The value should be a floating point value between 0 and 1. The default value is set to 0.9.
Post Processor JSON Output
Cluster Checker has the ability to enable reporting and analysis logging to a JSON formatted file. This could be beneficial when looking to centralize all logging. To enable, the cluster checker configuration XML file, clck.xml, needs to be updated to include <entry>clck_json</entry> in the postproc_extension section. Default location for this file is install-path/etc/clck.xml The result would look something like this:
<postprocessor>
<postproc_extensions>
<group>
<entry>clck_json</entry>
<entry>category_summary</entry>
<entry>category_log</entry>
<entry>clck_execution_warnings</entry>
</group>
</postproc_extensions>
</postprocessor>
The Node Group Feature
Node group is a beta feature. The node group feature enables finer-grained control of the analysis capabilities of the Intel® Cluster Checker on collected data by defining groups of nodes and assign tests through individual framework definitions (FWDs) to these node groups.

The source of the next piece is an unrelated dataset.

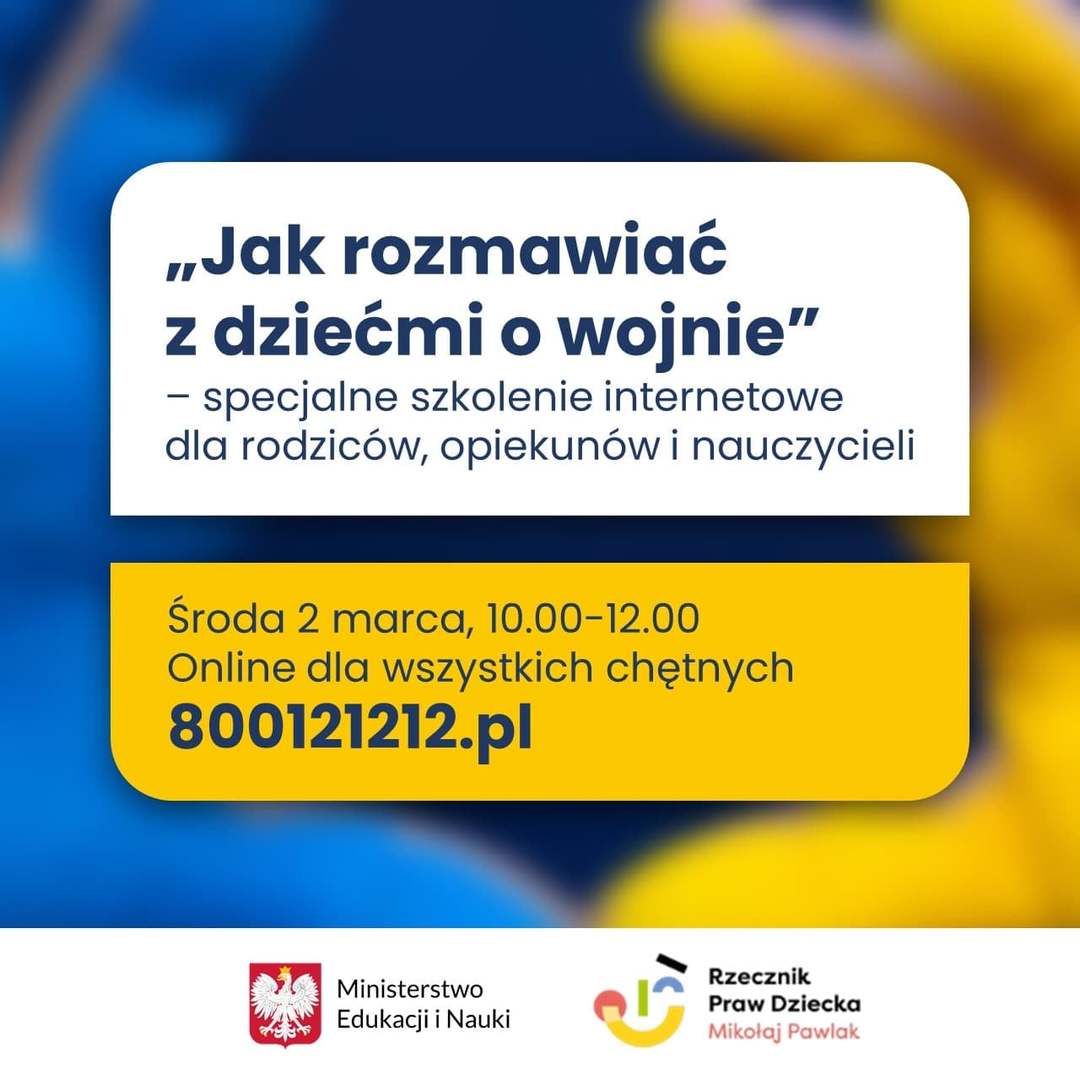 Rzecznik Praw Dziecka wraz z ekspertami z Dziecięcego Telefonu Zaufania organizuje specjalne internetowe szkolenie „Jak rozmawiać z dziećmi o wojnie”. Wydarzenie skierowane będzie do rodziców, opiekunów i nauczycieli, aby pomóc wytłumaczyć dzieciom i młodzieży obecną sytuację. Szkolenie odbędzie się w środę 2 marca w godzinach 10-12. Połączenie online będzie otwarte dla wszystkich chętnych na stronie internetowej 800121212.pl.

The intent of this feature is to enable the analysis by common features or attributes of nodes in a heterogenous cluster, for example if there are different groups of the same type or speed of a processor, speed/type/size of memory, or even the communications fabric. While Intel® Cluster Checker can collect data for all of the nodes in a heterogenous cluster at the same time, it can separate the analysis by the compute nodes common attributes using a node group configuration file. Instead of reporting the differences between all nodes of all different groups, now individual groups can be analyzed by their specific characteristics.
There are no changes to Intel® Cluster Checker performing the collection of the data - this feature only changes the analysis of the collected data by user-defined grouping in a “node group” file. An example of a node group configuration file is provided below.
The Node Group Command Line Option
This feature is enabled by running the command clck (or clck-analyze) with the command line option -g/--groupfile<nodegroupconfig> with an appropriate node group configuration file. For example
as a privileged user
clck -F health_admin -g path/to/my/nodegroupconfig.xml
as a non-privileged user
clck -F health_extended_user -g path/to/my/nodegroupconfig.xml
If analysis is run separately from data collection by clck-analyze, the FWDs used in the analysis must have been included in the collection stage to provide sufficient data to later analyze the node group.
An example node group configuration file can be found in at: $CLCK_HOME/etc/example_groups_cpu_mem.xml
The Node Group Configuration File
A node group configuration file defines a collection of compute nodes whose data is analyzed together based upon specific FWDs.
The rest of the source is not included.